__Brief__:
Print the data exactly as written, line for line, and leave its pictures behind.

__Data segment__:
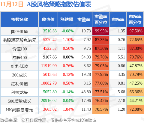 风格策略指数方面,国信价值的市盈率百分位较高,为99.95%。而HK高股息港元的市盈率百分位较低,为70.57%。
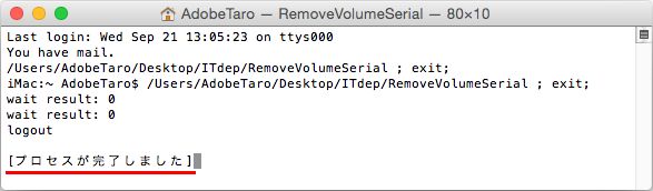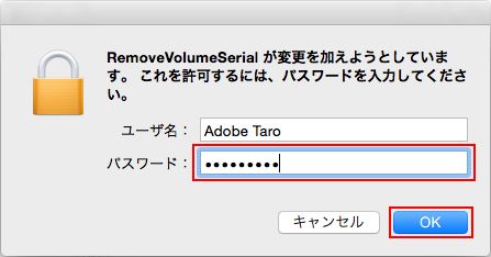 ターミナルが起動し、「RemoveVolumeSerial が変更を加えようとしています。」と表示されたら、管理者権限のあるアカウントのパスワードを入力し、「OK」をクリックします。
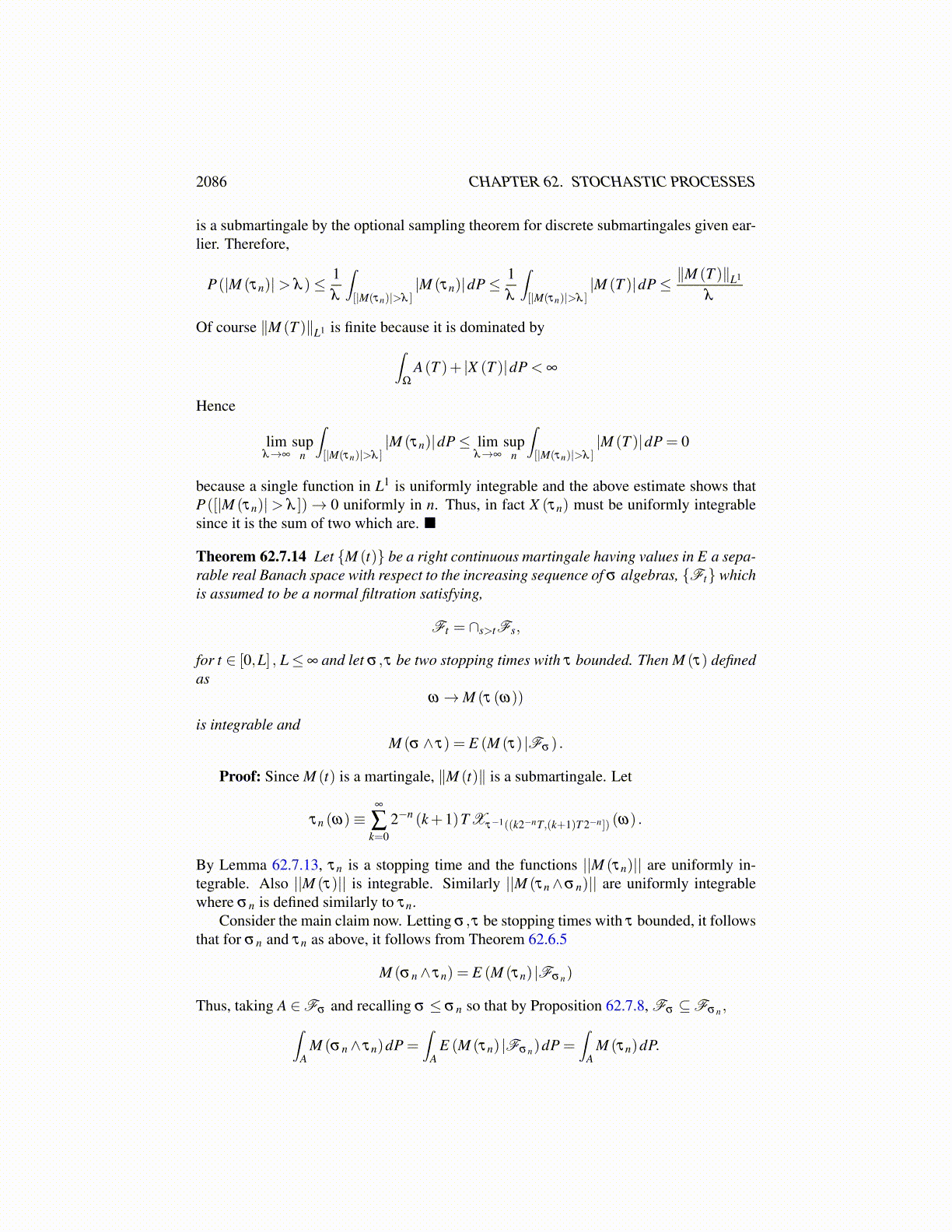 Now from Lemma 60.4.3 or Theorem 62.6.7, X (0) ,X (τn) ,X (T ) is a submartingale.Then ∫

__Finished task__:
 风格策略指数方面,国信价值的市盈率百分位较高,为99.95%。而HK高股息港元的市盈率百分位较低,为70.57%。
 ターミナルが起動し、「RemoveVolumeSerial が変更を加えようとしています。」と表示されたら、管理者権限のあるアカウントのパスワードを入力し、「OK」をクリックします。
 Now from Lemma 60.4.3 or Theorem 62.6.7, X (0) ,X (τn) ,X (T ) is a submartingale.Then ∫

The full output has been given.